# Algebra problems

• Feb 18th 2008, 05:21 PM
p4l1ndr0m3
Algebra problems
I've got my head stuck around these 2 problems. I'm trying to factor these polynomials, but I just can seem to get them.

The first one is f(x) = x^3 + x^2 - 8x - 6

The 2nd one is f(x) = x^5 + 3x^4 - 4x^3 - 11x^2 - 3x + 2

I'd appreciate any tips, thanks!
• Feb 18th 2008, 05:35 PM
galactus
For the second one, try dividing by a possible root. Try x-2 and/or x+1

If it reduces down, then that's a root and you're on your way.

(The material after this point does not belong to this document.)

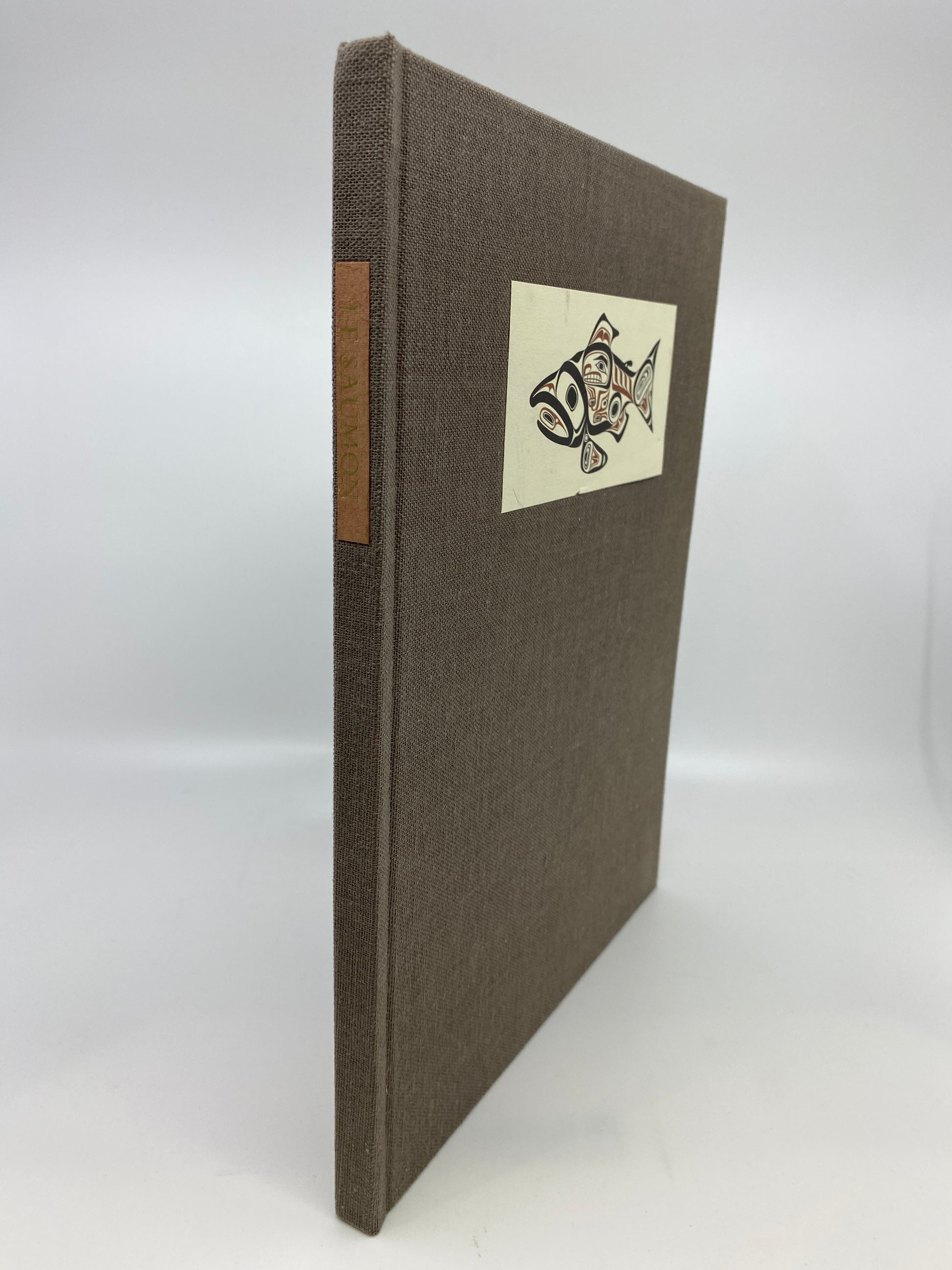 This book features stunning color plates that highlight the importance of salmon as a natural resource, particularly for Canada's Indigenous peoples who rely on their annual return for survival. It includes colored maps illustrating salmon migration routes at sea. Roderick Haig-Brown's compassionate text celebrates these fish and advocates for their protection and continued return to their spawning rivers. The French edition is rare, with an estimated 100-200 copies published. The book is bound in coarse brown cloth, featuring a Bill Reid Haida Salmon design on a front cover paper label and gilt titling on a brown spine label.
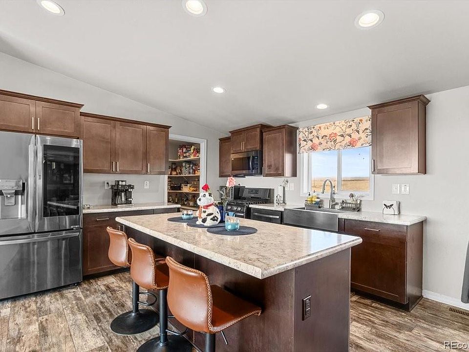 Welcome to your private retreat! This spacious 4-bedroom, 2-bathroom home sits on 20 acres in unincorporated Weld County, offering peace and privacy with no close neighbors. The wide-open lot provides endless possibilities and stunning views, including the unique sight of buffalo grazing in the neighboring field behind the home. Inside, you’ll find a bright, open floor plan featuring a large kitchen with a center island and a walk-in pantry, perfect for cooking and entertaining. The master suite is privately located on one side of the home and boasts high ceilings, a walk-in closet, and a luxurious master bath with a separate shower and soaking tub—where you can unwind while watching the buffalo roam. The opposite side of the home includes three additional bedrooms that can easily serve as guest rooms, offices, or hobby spaces. A huge living room provides plenty of space for gatherings, while the oversized dining room is large enough to double as a second living area.

$\displaystyle \frac{x^{5}+3x^{4}-4x^{3}-11x^{2}-3x+2}{x-2}=x^{4}+5x^{3}+6x^{2}+x-1$

See?. That reduced down to a quartic. Try dividing that by another factor or some other tactic and whittle away at it.
• Feb 18th 2008, 05:41 PM
OzzMan
Is that the only way to go about factoring these?
• Feb 18th 2008, 05:42 PM
geton
For 1.

f(-3) = -27 + 9 + 24 - 6 = 0

So (x+3) is a factor of f(x).

By using long division,

f(x) = (x+3) (x^2 - 2x - 2)

Then do factories.

Same for 2.
• Feb 18th 2008, 05:53 PM
OzzMan
why exactly did you do f(-3) for the first one? where did the -3 come from exactly. Sorry I'm posting on this thread when its not mine but I'm just interested in this problem.
• Feb 18th 2008, 06:04 PM
p4l1ndr0m3
Quote:

Originally Posted by OzzMan
why exactly did you do f(-3) for the first one? where did the -3 come from exactly. Sorry I'm posting on this thread when its not mine but I'm just interested in this problem.

Feel free, this helps me too!
• Feb 18th 2008, 06:29 PM
geton
Well, it is not exactly f(-3). You’ve to take some values of x, like +1, -1, +2, -2………. After doing some exercise you can easily realize that what is the factor of f(x), without doing any rough.